The premise of the engineering economic study was to utilize the present value method to examine the cost impacts (savings or debits) caused by delaying the scheduled replacement date of a new transformer, by allowing the existing transformer to remain in service after it has exceeded the existing Manitoba Hydro transformer replacement criteria. These studies were completed on a 50MVA transformer that was replaced in the Manitoba Hydro system in 1995.
The scenarios involve delaying the replacement date of the replacement transformer itself from 1-16 years or from 1996-2011 (2011 is the planning horizon year for a 35 year economic study on a transformer initially purchased and installed in 1976). This is accomplished by estimating the "cashflows" for each scenario from 1995 to 2011. The net cash flows of all costs and residual (salvage) values are discounted for each year to bring them back to present values, which are in 1994 dollars in this study.
Note that the financial end of life (35 years in this study) is usually not the same as the technical end of life.

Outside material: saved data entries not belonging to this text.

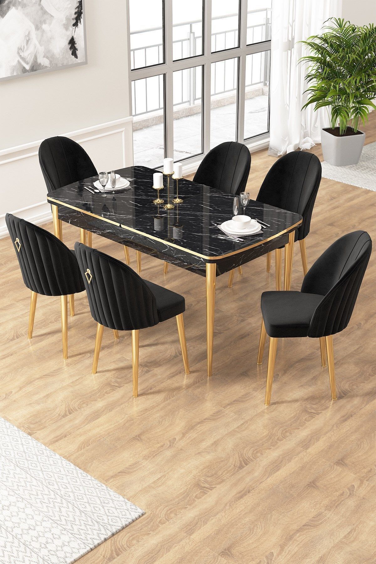 Pir Serisi 80x130 Sabit Siyah Mermer Desen Kahve Ayak Masa Takımı 6 Krem Sandalye Pir Serisi 80x130 Sabit Siyah Mermer Desen Kahve Ayak Masa Takımı 6 Krem Sandalye 22PİRSYHMRKHV06 تک سایز
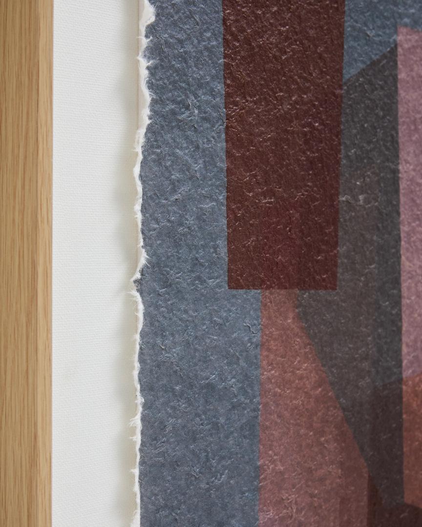 Эта картина вдохновлена кубизмом и архитектурой середины века. Она привносит глубину и индивидуальность в любое пространство благодаря сочетанию геометрических фигур и палитры серых и бордовых тонов. В этом дизайне архитектура деконструируется и синтезируется, чтобы отразить её в уникальном художественном произведении, где наложение плоскостей и игра прозрачности создают визуальный эффект, побуждающий к созерцанию и добавляющий нотку современной изысканности.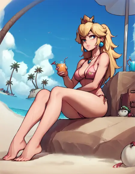 アクティブタグ: princess_peachez, 1girl, ブロンドヘア, 青い目

The latter is the life over which the transformer will be permanently taken out of service (failed, not repairable, etc.) usually 35-50 years in Canadian utilities. The financial end of life is that time over which the transformer's residual value is depreciated to zero, usually less than the technical end of life.
Associated Costs
The study included the following costs and residual values associated with the transformer replacement:
1.Purchase and installation (including Engineering) costs of a new (93.7MVA) year the replacement occurs.

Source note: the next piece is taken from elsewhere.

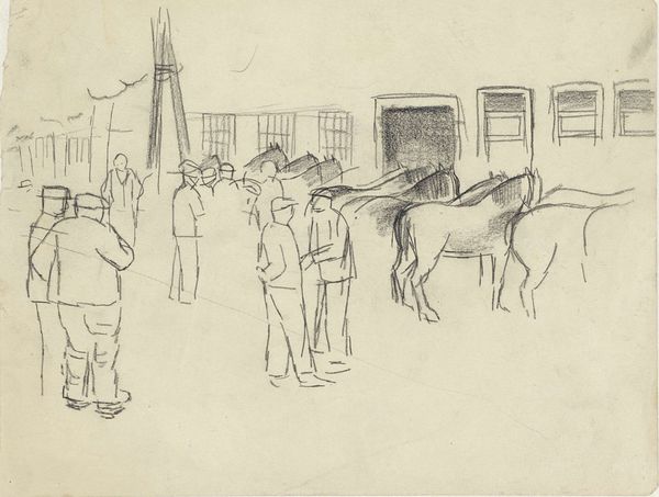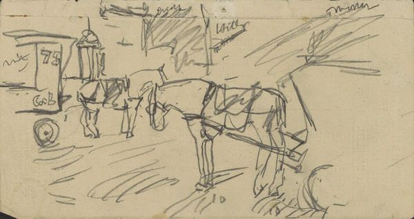 Editor: Here we have "Wachtende paarden," or "Waiting Horses," a pencil drawing by George Hendrik Breitner, created sometime between 1867 and 1923. The sketchiness creates a feeling of impermanence; the scene is bustling but subdued. What catches your eye in this piece? Curator: What I find striking is how Breitner uses the horse, a historical symbol of power and nobility, in this fleeting, almost mundane context. Look at their bowed heads, their stillness. Does this not challenge the conventional representation of the animal? Editor: Absolutely. Usually, we see horses in dynamic poses, full of energy. Here, there’s a weariness. Is Breitner commenting on the changing role of horses in urban life during this period? Curator: Precisely! The rise of industrialization began shifting reliance from animals to machines. Breitner's impressionistic style captures this moment of transition, using symbolism that transcends the single moment. He presents horses no longer as symbols of status or power, but rather entities caught within an evolving societal narrative, performing labor. What lasting message do these "waiting horses" leave us? Editor: It suggests themes of obsolescence, but also patience and endurance. Despite the changing world, these creatures persist, perhaps reflecting something about the human condition as well. Curator: Precisely. By juxtaposing the symbolic weight of the animal against the mundanity of their waiting, Breitner invites us to reflect on our own relationship to progress and tradition. Editor: I see the layers so much clearer now. Thank you for untangling the web of historical and emotional symbols! Curator: My pleasure. It is the convergence of history, culture, and art, which creates layers of stories, inviting an ongoing exploration of collective memory.

2.Residual value of the existing (50MVA) transformer in the year replacement occurs
3.Residual value of the new transformer at the end of the study horizon, 35 years from the replacement date of the existing transformer .
4.Purchase and installation of a sophisticated on-line dissolved gas analyzer (DGA) and a sophisticated transformer protection and monitoring device (relay) in the first year of deferment of replacing the existing transformer.
5.Salvage value of the DGA and relay when the existing transformer is replaced by the new transformer.
6.Costs associated with the increased load, assuming there are no load losses as a result of retaining the existing transformer in service longer than originally planned.
It should be noted that operating and maintenance (O & M) costs for planned maintenance were assumed to be the same if either the existing or the new larger transformer were placed in service and were therefore not included as a factor in the analysis. The unplanned O & M costs (repairing oil leaks, etc.) are an infrequent occurrence (e.g. one in 20 years) and were also omitted in this analysis.
Failure costs are also assumed to be the same for either the existing or new transformer and were omitted. This is based on the fact that the statistical failure rate for power transformers (loaded < 160 per cent of rated) during the study period is the same for newer or older transformers as shown in Fig. 5. A detailed probability of failure analysis has been performed, confirming this statement, using the method of reference .
When compared with other factors such as transformer loss of life analysis, winding hot spot operating temperatures, risk, and other vital non-monetary factors, the net present value will furnish the utility with the knowledge required to identify the least-cost scenario.
It has been determined by others that failure costs can become increasingly important at load levels above 160 per cent of nameplate rating. However for the most part our studies are at load levels below 160 per cent of nameplate.
Associated Sensitivities
It is recognized that there is an uncertainty regarding future interest, escalation and load growth factors. This study utilized load growth, interest, and escalation rates forecasted by the Manitoba Hydro corporate experts. More present value studies will be completed to study the sensitivity of the cost savings due to various load growth factors, interest and escalation rates, over different economic study periods of 35, 40 and 45 years.
Various methods of calculating depreciation are possible. The sinking fund method was used here, because it most accurately reflects the true market value of the transformer being replaced.
The residual values of the existing and replacement transformers, and the relay and dissolved gas analysis equipment are all taken into account.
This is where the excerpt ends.